(Source records)
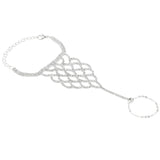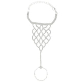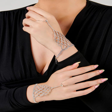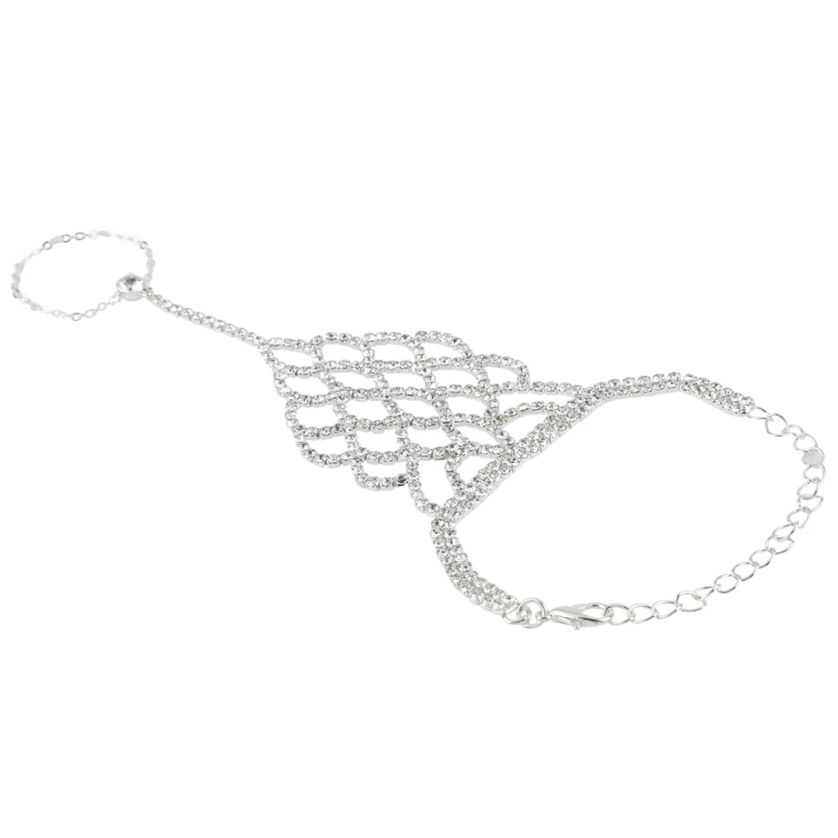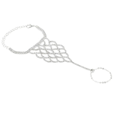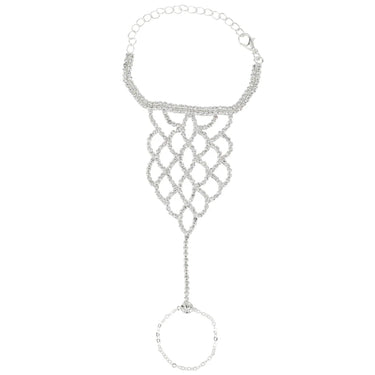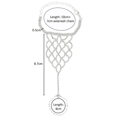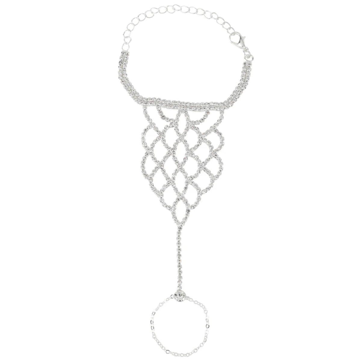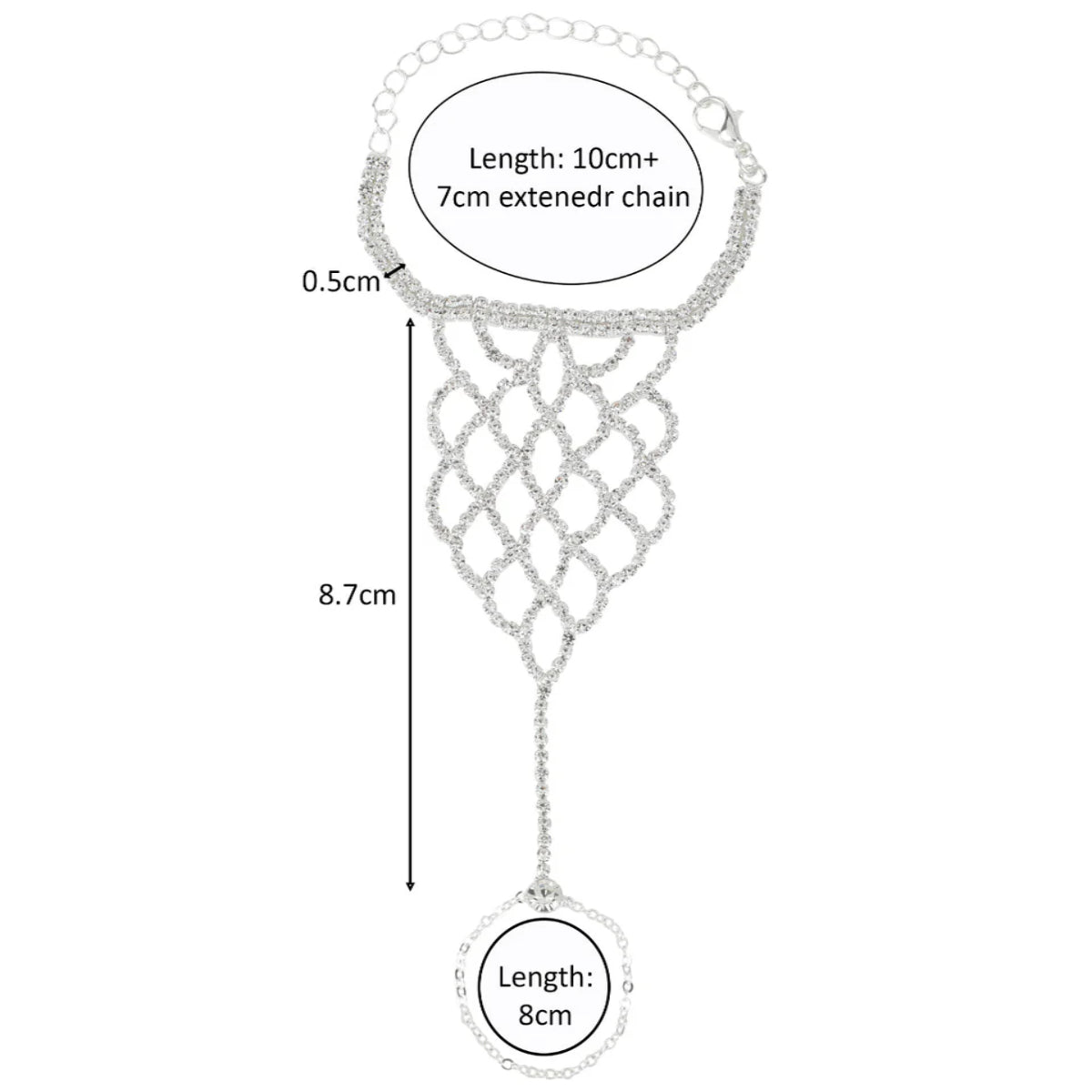 Enhance your look with silver-plated chain ring bracelet with rhinestones. Elegant and lightweight that pairs effortlessly with indian and party outfits.
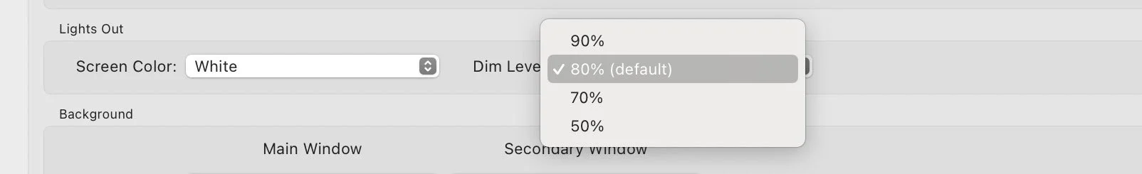 There are another few features of the Lights Out function that you can control. Though the menus: Preference > Interface > Lights Out
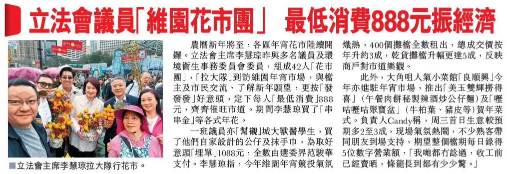 頭條日報 Headline Daily • 13/02/2026 立法會議員「維園花市團」 最低消費888元振經濟 農曆新年將至,各區年宵花市陸續開鑼。立法會主席李慧琼昨與多名議員及環境衞生事務委員會委員,組成42人「花市團」,「拉大隊」到訪維園年宵市場,與檔主及市民交流、了解新年願望,更按「發發發」好意頭,定下每人「最低消費」888元,齊齊催旺市道。期間李慧琼買了「串串金」等各式年花。
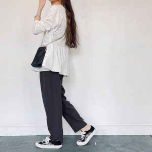 インナーはシンプルにホワイトで合わせた、チャコールカラーの大人きれいめセットアップコーディネート。
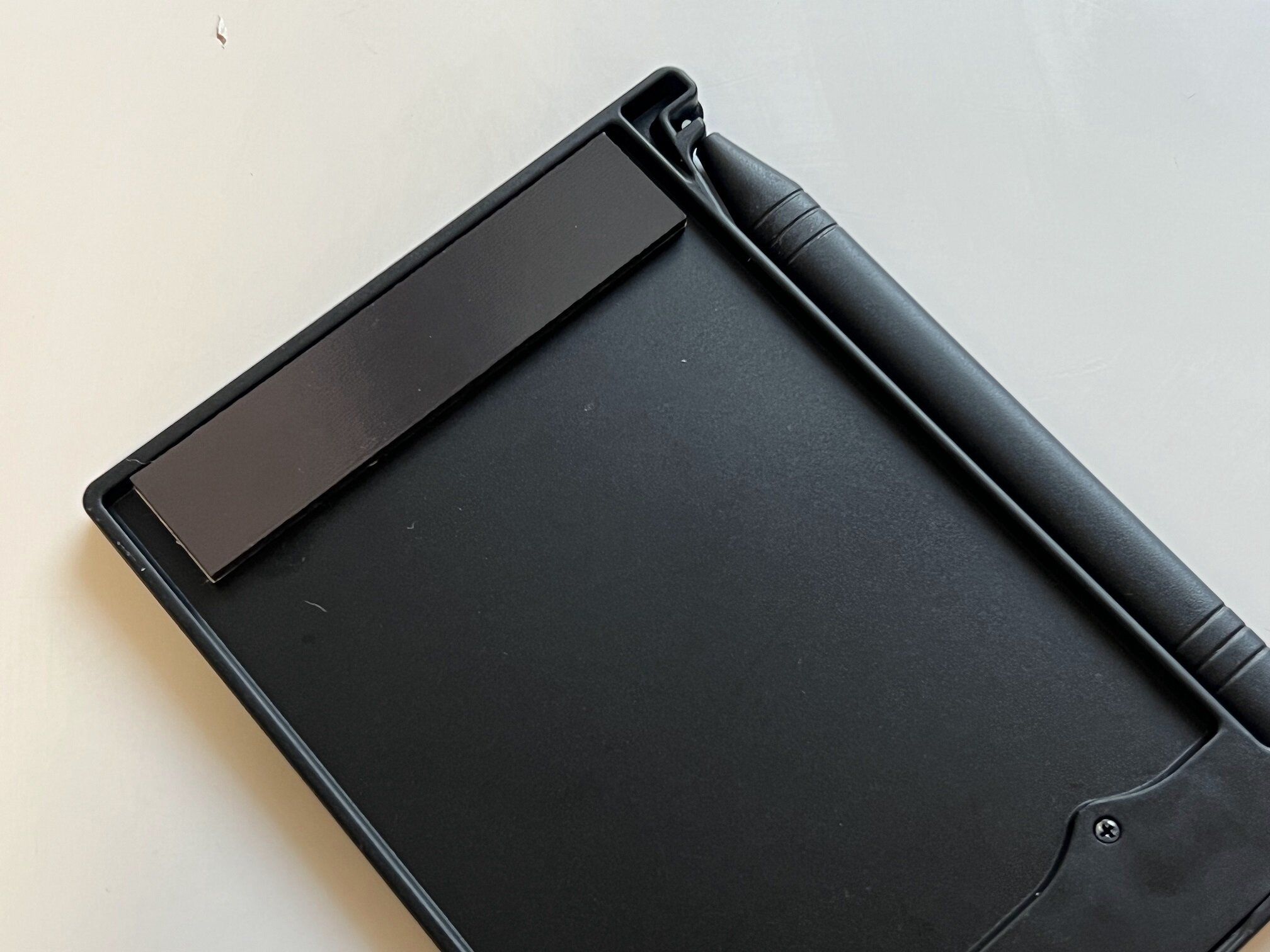 専用のスタイラスペンがあり、ペンはサイドのホルダーにぴったり収まるから紛失の心配もありません。急いでいるときでもサッと出して、紙に書くように簡単にメモができます。

:: EXERCISE DIRECTIONS ::
Could you repeat, exactly and with nothing added, the lines from the top of the entries above through the line that holds "There are another", leaving out any pictures?

:: ANSWER TO THE EXERCISE ::
 Enhance your look with silver-plated chain ring bracelet with rhinestones. Elegant and lightweight that pairs effortlessly with indian and party outfits.
 There are another few features of the Lights Out function that you can control. Though the menus: Preference > Interface > Lights Out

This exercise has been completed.